== Required work ==
Range to copy from the entries below: the line containing "On the second" through the line containing "ni’n teimlo ei", inclusive. Retype only those lines, exactly, without any images.
*** Information given ***
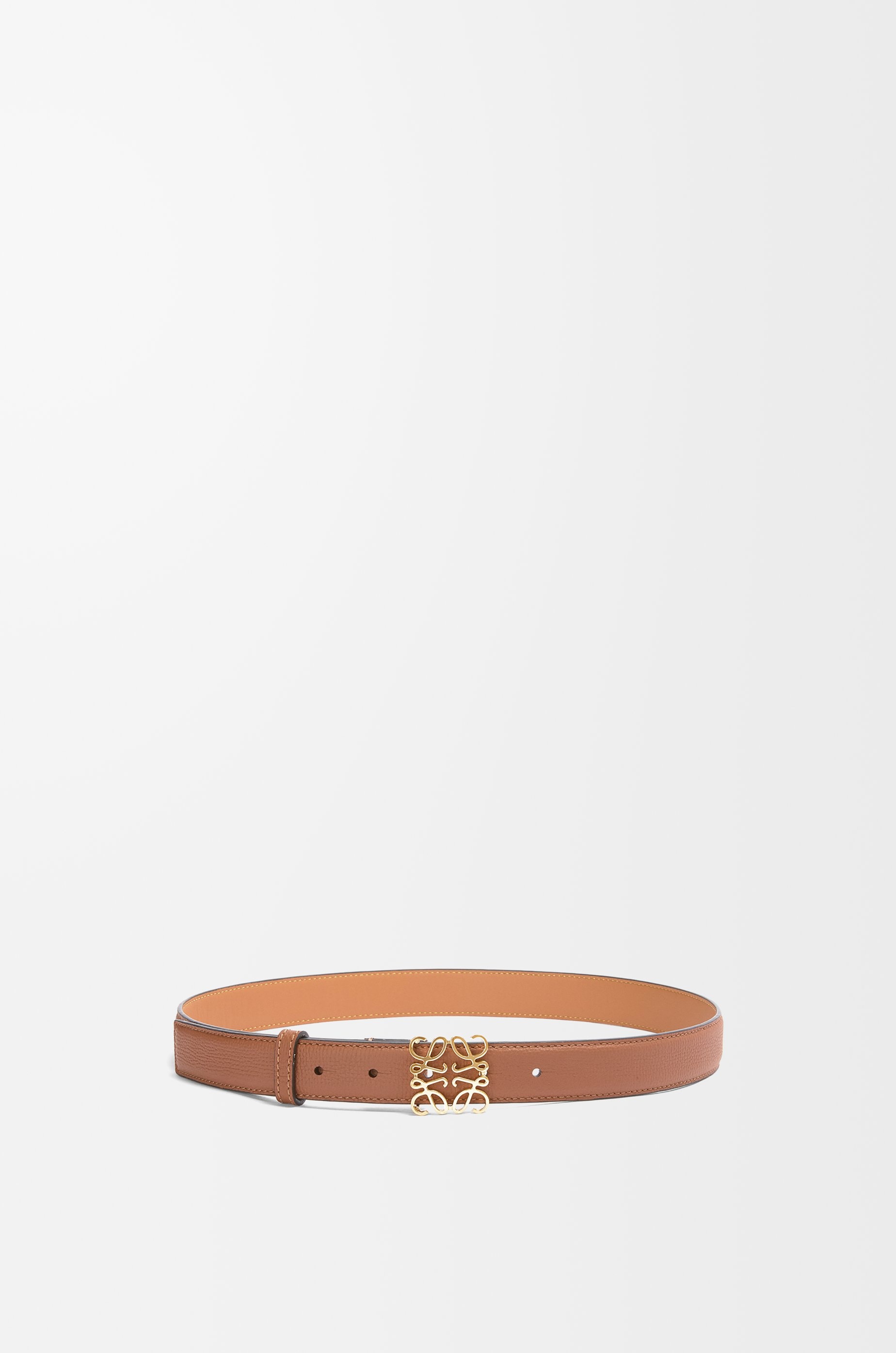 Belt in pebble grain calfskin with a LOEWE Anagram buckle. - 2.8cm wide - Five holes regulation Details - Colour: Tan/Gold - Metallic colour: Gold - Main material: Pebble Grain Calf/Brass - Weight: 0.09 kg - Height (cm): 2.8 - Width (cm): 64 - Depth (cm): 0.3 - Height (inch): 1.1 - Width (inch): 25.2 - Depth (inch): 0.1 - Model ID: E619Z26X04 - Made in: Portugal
*** End of Information given ***
*** Information given ***
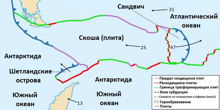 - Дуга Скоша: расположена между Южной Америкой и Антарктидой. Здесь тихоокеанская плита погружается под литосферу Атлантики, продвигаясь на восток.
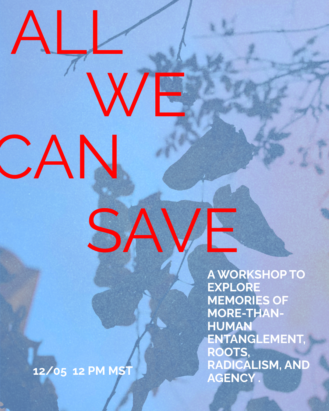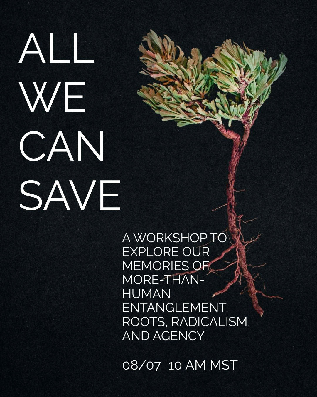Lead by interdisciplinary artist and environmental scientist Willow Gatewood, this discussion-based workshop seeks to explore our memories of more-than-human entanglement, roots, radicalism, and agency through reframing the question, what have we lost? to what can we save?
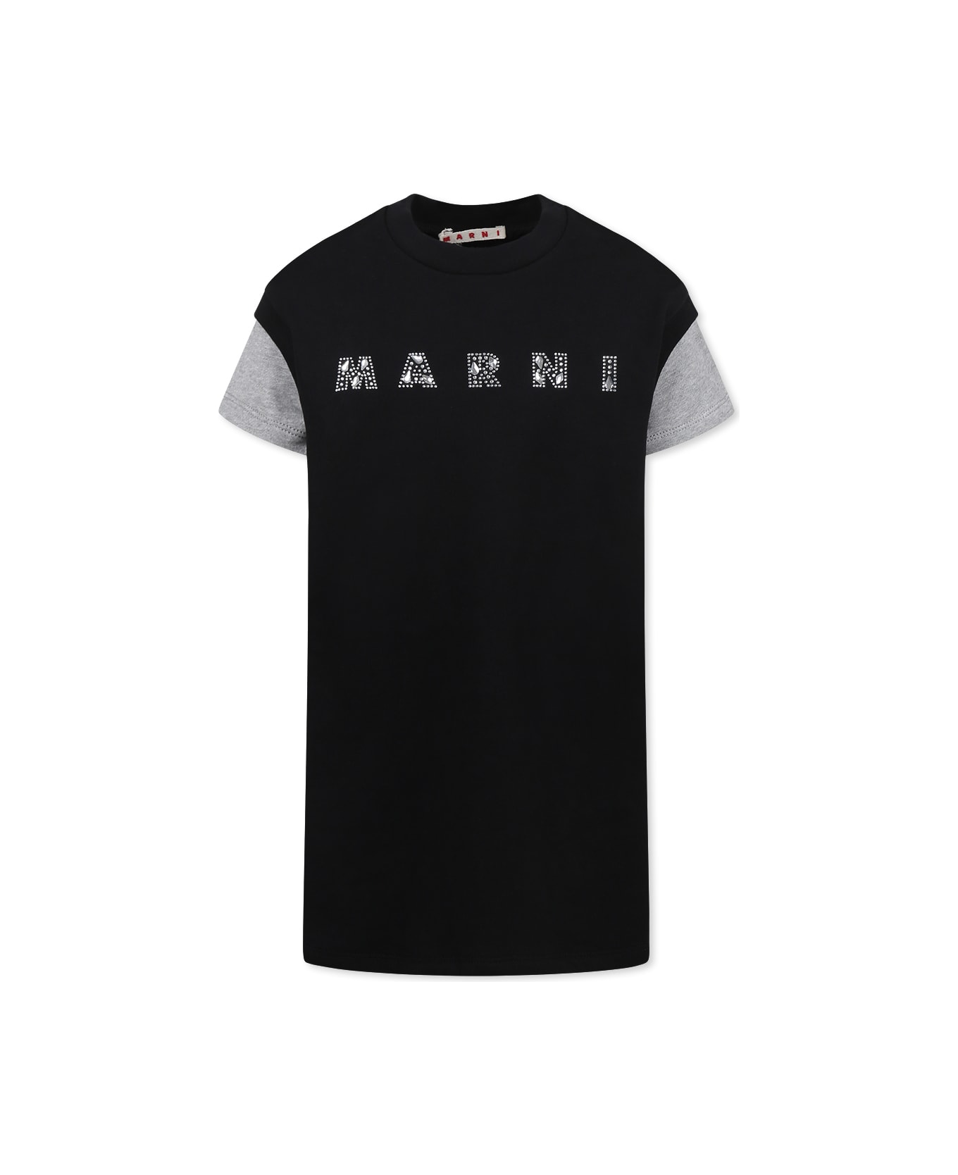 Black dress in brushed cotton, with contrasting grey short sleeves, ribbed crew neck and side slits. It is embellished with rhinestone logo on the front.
*** End of Information given ***
*** Information given ***
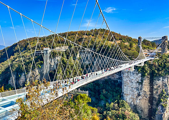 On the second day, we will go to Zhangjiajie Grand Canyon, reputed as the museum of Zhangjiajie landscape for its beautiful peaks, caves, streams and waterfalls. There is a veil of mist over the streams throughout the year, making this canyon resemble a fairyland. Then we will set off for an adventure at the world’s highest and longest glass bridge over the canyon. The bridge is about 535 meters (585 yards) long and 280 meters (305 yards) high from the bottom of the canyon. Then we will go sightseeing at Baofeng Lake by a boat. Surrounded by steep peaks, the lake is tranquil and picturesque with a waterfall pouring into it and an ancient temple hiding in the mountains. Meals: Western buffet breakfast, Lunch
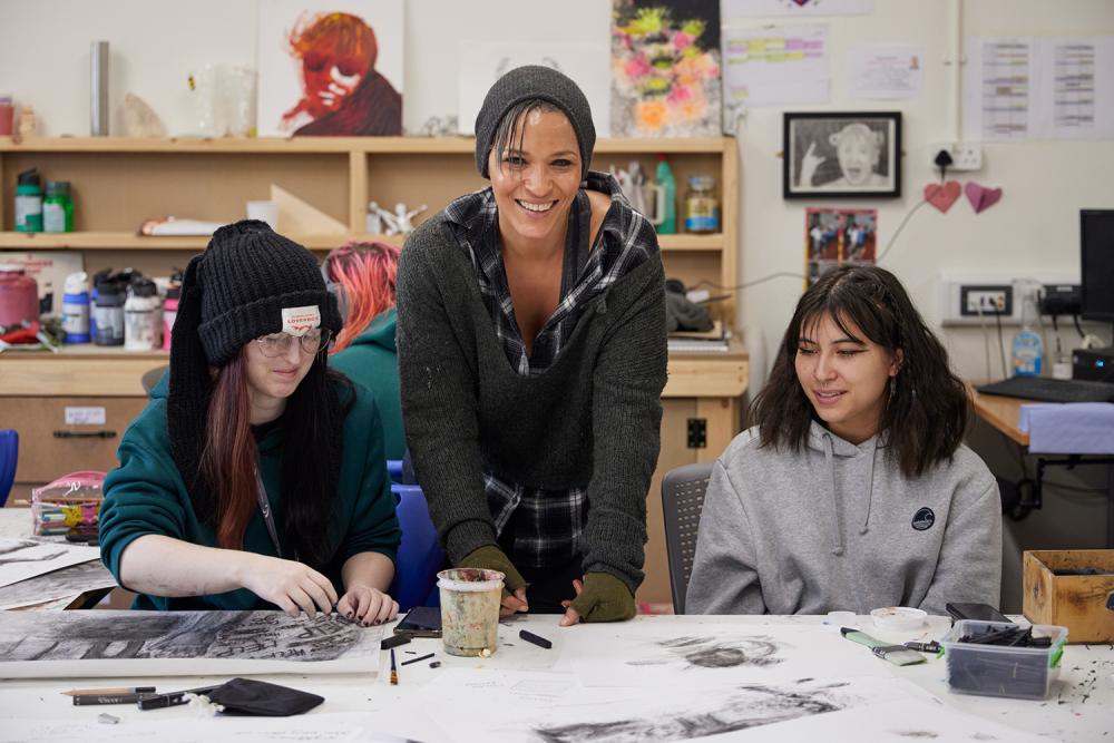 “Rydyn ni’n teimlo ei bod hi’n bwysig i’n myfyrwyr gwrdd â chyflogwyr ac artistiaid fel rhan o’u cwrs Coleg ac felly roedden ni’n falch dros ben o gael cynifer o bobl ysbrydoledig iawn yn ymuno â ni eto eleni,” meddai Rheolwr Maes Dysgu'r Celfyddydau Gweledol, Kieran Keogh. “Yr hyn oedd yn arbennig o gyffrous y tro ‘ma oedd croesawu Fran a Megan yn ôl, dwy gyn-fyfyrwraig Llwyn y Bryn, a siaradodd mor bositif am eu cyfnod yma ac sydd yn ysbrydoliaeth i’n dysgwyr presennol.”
*** End of Information given ***
== Solution ==
 On the second day, we will go to Zhangjiajie Grand Canyon, reputed as the museum of Zhangjiajie landscape for its beautiful peaks, caves, streams and waterfalls. There is a veil of mist over the streams throughout the year, making this canyon resemble a fairyland. Then we will set off for an adventure at the world’s highest and longest glass bridge over the canyon. The bridge is about 535 meters (585 yards) long and 280 meters (305 yards) high from the bottom of the canyon. Then we will go sightseeing at Baofeng Lake by a boat. Surrounded by steep peaks, the lake is tranquil and picturesque with a waterfall pouring into it and an ancient temple hiding in the mountains. Meals: Western buffet breakfast, Lunch
 “Rydyn ni’n teimlo ei bod hi’n bwysig i’n myfyrwyr gwrdd â chyflogwyr ac artistiaid fel rhan o’u cwrs Coleg ac felly roedden ni’n falch dros ben o gael cynifer o bobl ysbrydoledig iawn yn ymuno â ni eto eleni,” meddai Rheolwr Maes Dysgu'r Celfyddydau Gweledol, Kieran Keogh. “Yr hyn oedd yn arbennig o gyffrous y tro ‘ma oedd croesawu Fran a Megan yn ôl, dwy gyn-fyfyrwraig Llwyn y Bryn, a siaradodd mor bositif am eu cyfnod yma ac sydd yn ysbrydoliaeth i’n dysgwyr presennol.”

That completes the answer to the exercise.